▶ WHAT TO PRODUCE
What you return must match the records below character for character, except that no picture appears.

----- EXTRACTED MATERIAL -----

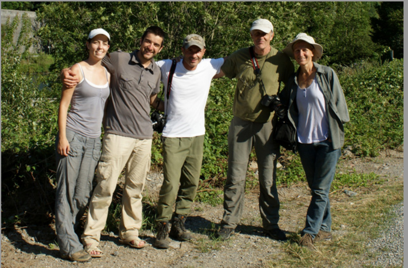
équipe de choc... © Maud Menay
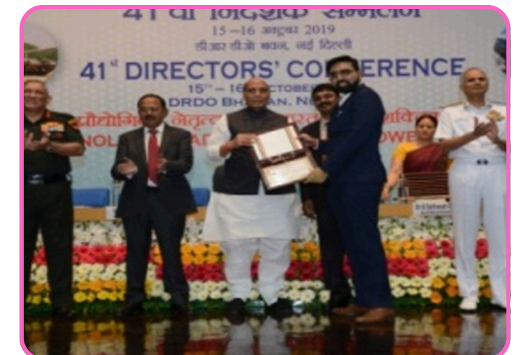
GREEN PROPULSION SYSTEM (SUCCESSFUL TECHNOLOGIES)
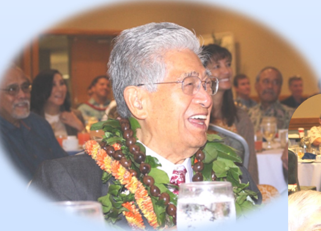
A smiling Senator Akaka and his family and friends listen to the event's opening remarks
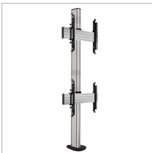
Must be used with System X mounting solutions using BT8380 vertical columns
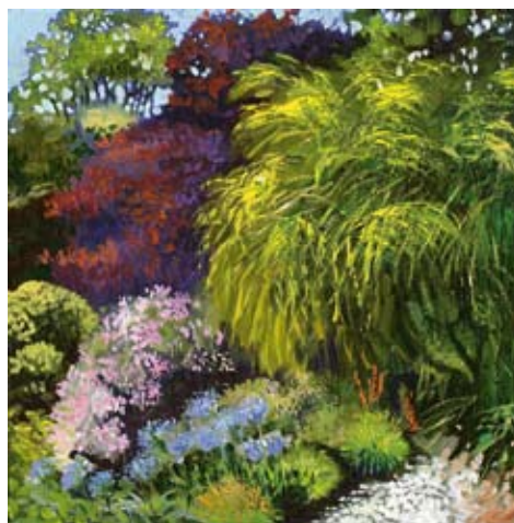
"Trebah Path" by Sarah Wimperis 360mm x 365mm, oil on board, £475
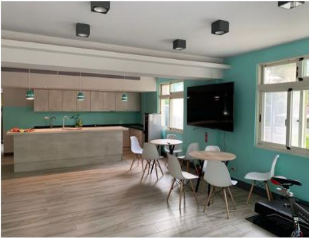
Pine House XII Public Space View (2)
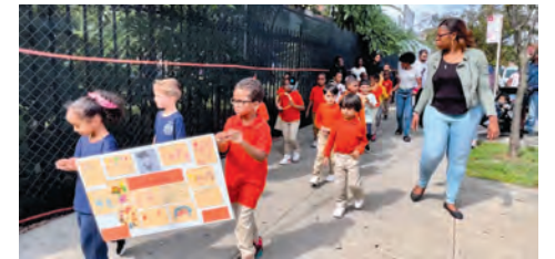
K-101 chose Confucius as their featured peace builder for their banner.
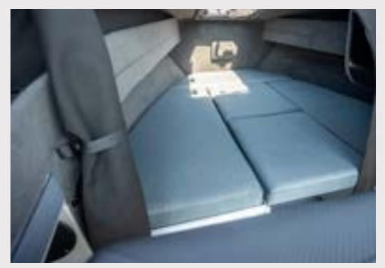
Full cabin seating and optional sleeping infills for added comfort

-----

▶ RESULT
équipe de choc... © Maud Menay
GREEN PROPULSION SYSTEM (SUCCESSFUL TECHNOLOGIES)
A smiling Senator Akaka and his family and friends listen to the event's opening remarks
Must be used with System X mounting solutions using BT8380 vertical columns
"Trebah Path" by Sarah Wimperis 360mm x 365mm, oil on board, £475
Pine House XII Public Space View (2)
K-101 chose Confucius as their featured peace builder for their banner.
Full cabin seating and optional sleeping infills for added comfort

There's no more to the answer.